At request of the Holder, the Borrower will join with the Holder in executing one or more financing statements pursuant to the Uniform Commercial Code (the “ Code ”) in a form satisfactory to the Holder.  The Borrower hereby authorizes the Holder to file a financing statement signed only by the Holder in all places where necessary to perfect the Holder’s security interest in the Collateral in all jurisdictions where such authorization is permitted by the Code.
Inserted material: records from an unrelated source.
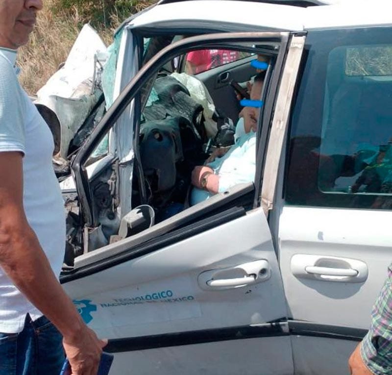 Al mediodía, una camioneta tipo vagoneta con razón social del Tecnológico Nacional de México circulaba por la carretera federal 180 tramo Cardel-Poza Rica cuando, a la altura de Laguna Verde, chocó de frente contra una Nissan color blanco razón social Altex Agroindustriales.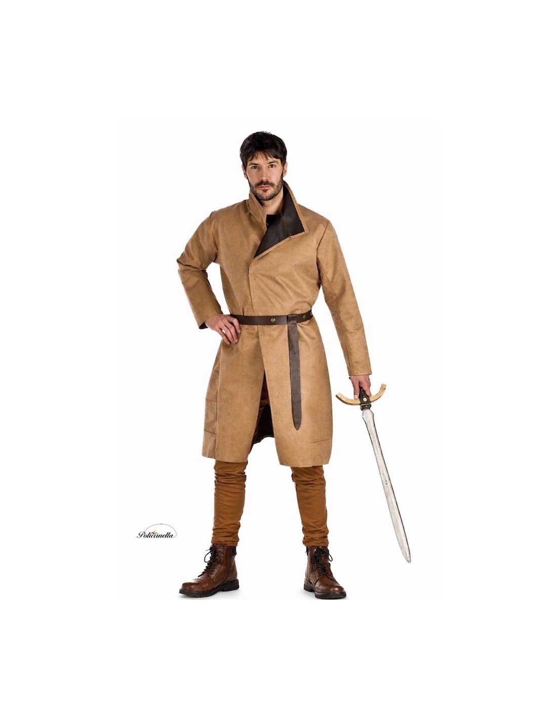 This impressive medieval tunic costume for adults is ideal for transporting you to the time of knights and castles. Made with a peach-like touch fabric on a dense filter, the tunic offers a firm structure that highlights its elegant and authentic shape. The front closure, made with a practical velcro system, ensures easy placement and a comfortable fit. The ensemble is completed with a leather-like belt adorned with bronze pieces that provide a distinctive and medieval touch. Perfect for themed parties, historical reenactment events; this costume combines quality and style, allowing you to embody a noble warrior with great realism.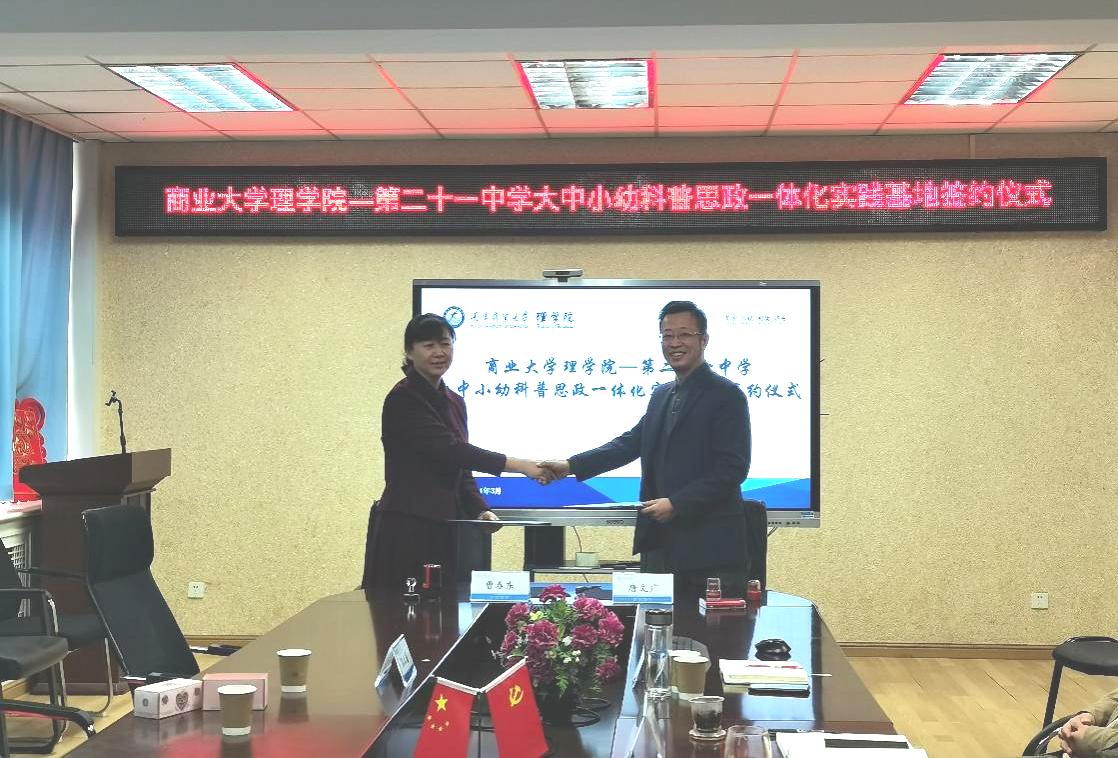 3月4日下午,理学院与天津市第二十一中学签订大中小幼科普思政一体化实践基地共建协议。理学院党委书记梁强、院长唐文广、副院长周严、天津市第二十一中学副校长曹春东及双方教师代表参加。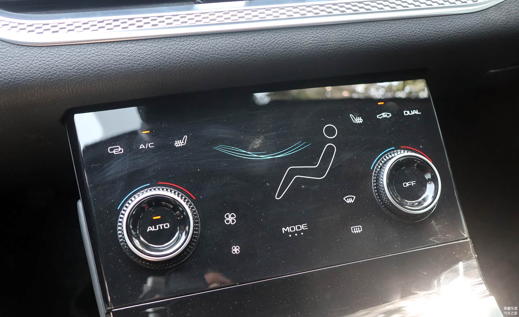 中控下方是空调控制区域,采用了触控面板设计,虽说触控没有震动或者其他物理反馈,但是触控的灵敏度还不错。由于触控面板没有液晶屏幕,因此空调信息显示还是需要通过上方的中控屏来完成,可能是出于成本考虑而没有直接采用液晶触控面板。

Without limiting the foregoing the Borrower agrees that whenever the Code requires the Borrower to sign a financing statement for filing purposes, the Borrower hereby appoints the Holder or any of the Holder’s representatives as the Borrower’s attorney and agent, with full power of substitution, to sign or endorse the Borrower’s name on any such financing statement or other document and authorizes the Holder to file such a financing statement in all places where necessary to perfect the Holder’s security interest in the Collateral; and the Borrower ratifies all acts of the Holder and said representatives and agrees to hold the Holder and said representatives harmless from all acts of commission or omission or any error of judgment or mistake of fact or law pertaining thereto. A carbon, photographic or other reproduction of this Note or of a financing statement is sufficient as a financing statement. Upon full payment of all obligations under this Note, the Lien or charge created hereby or resulting herefrom, shall cease to exist and the Holder shall file all termination statements requested by the Borrower necessary to accomplish this purpose.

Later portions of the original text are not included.